Once his testicular tissue sample was taken and frozen, Brouwer was able to begin intense chemotherapy, consisting of around 25 pills to be taken every six weeks for about a year. “The day we found out his chemo was working we were elated. It was unbelievable,” Dan said. “Other than a scar on his head, he is doing fantastic.”
“Brouwer is now six years old and comes back every six months for scans. It’s a social outing for him. He loves saying hello to anyone he can, as well as running down the bridge. This bridge holds a lot of meaning for our family since Brouwer went from not being able to walk, to running, jumping, and doing 85 percent of the things normal children can,” Ginger said. “Lurie Children’s has become a part of our family and our life.”

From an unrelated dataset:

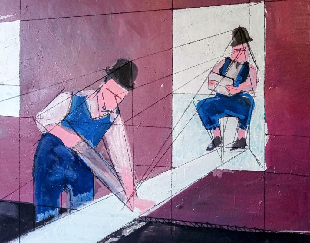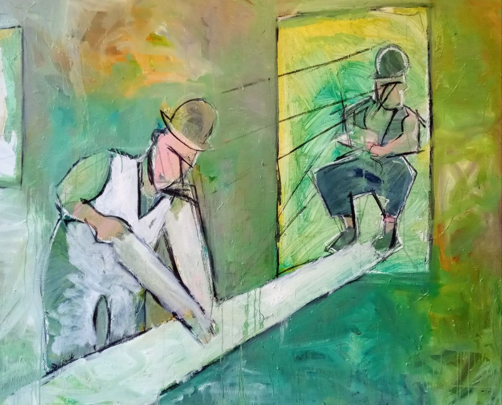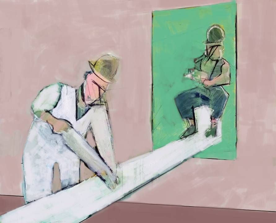 This work took a film still from the Laurel & Hardy film ‘The Finishing Touches’ as its basis. The still was of the scene where Stan is sawing through a plank of wood that is balanced on a window ledge and Laurel is sitting on a box on the end through the window reading a newspaper. I’ve given the work many treatments and interations and will probably continue to do so. I love the structure of the image, the balance, the angles, the composition. I also love the humour, the prank or pratfall in suspension. There’s also the play on ‘work’ or ‘labour’ and the metaphor for the process of ‘making’, be it a house, a shelf or a painting. I probably maxed out on this, over did it, ruined it. But I definitely learnt from it and it’s still there to revisit.

“I’ve joined the executive board of the Children’s Research Fund at Lurie Children’s and have encouraged several co-workers to join other boards connected to Lurie Children’s. My employer, Grant Thornton, has been really supportive and has gotten involved in multiple ways,” Dan said. “There is no price you can pay for the years with our son we might not have had and the hope we now hold for the future. You feel compelled to give back. It is impossible to adequately thank the team at Lurie Children’s for bringing us from where we were to where we are now.”